> **GIVEN DATA**
• • • • •

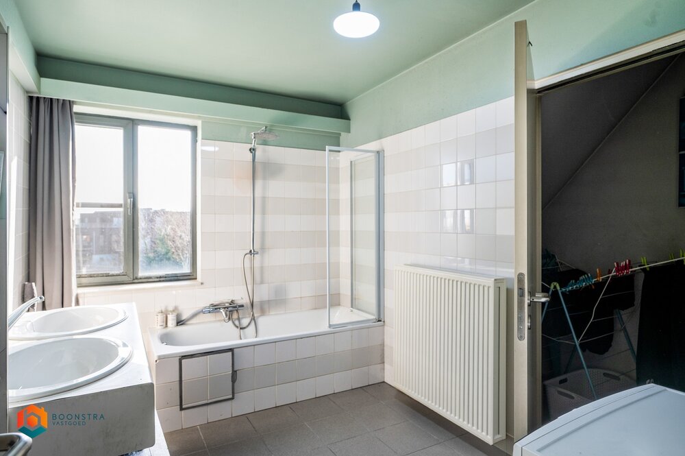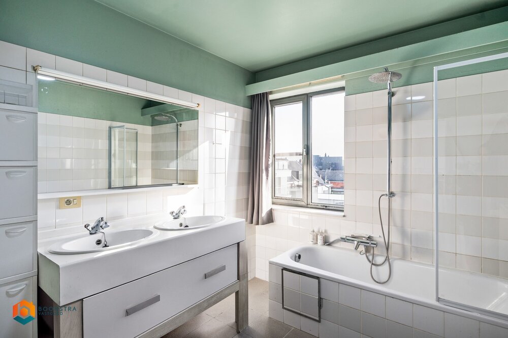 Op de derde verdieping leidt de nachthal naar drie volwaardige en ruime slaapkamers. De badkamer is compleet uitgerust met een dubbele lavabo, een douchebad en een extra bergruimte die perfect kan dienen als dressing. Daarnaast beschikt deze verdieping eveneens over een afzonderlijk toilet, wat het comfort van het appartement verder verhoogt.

• • • • •

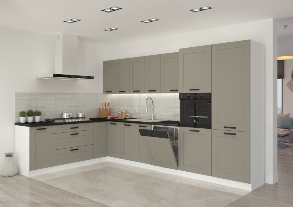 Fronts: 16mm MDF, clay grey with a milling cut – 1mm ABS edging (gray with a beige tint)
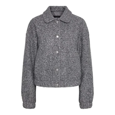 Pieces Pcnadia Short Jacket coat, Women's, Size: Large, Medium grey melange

• • • • •

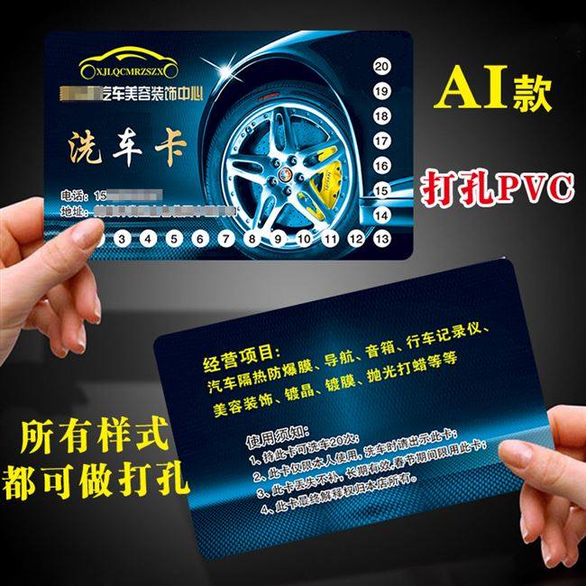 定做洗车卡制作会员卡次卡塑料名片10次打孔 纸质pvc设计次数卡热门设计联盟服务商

• • • • •

> **TASK TO CARRY OUT**
Output only the lines above from the line that holds "Fronts: 16mm MDF, clay" through the line that holds "Pieces Pcnadia Short", both ends included, and exclude pictures.

> **RESPONSE BELOW**
 Fronts: 16mm MDF, clay grey with a milling cut – 1mm ABS edging (gray with a beige tint)
 Pieces Pcnadia Short Jacket coat, Women's, Size: Large, Medium grey melange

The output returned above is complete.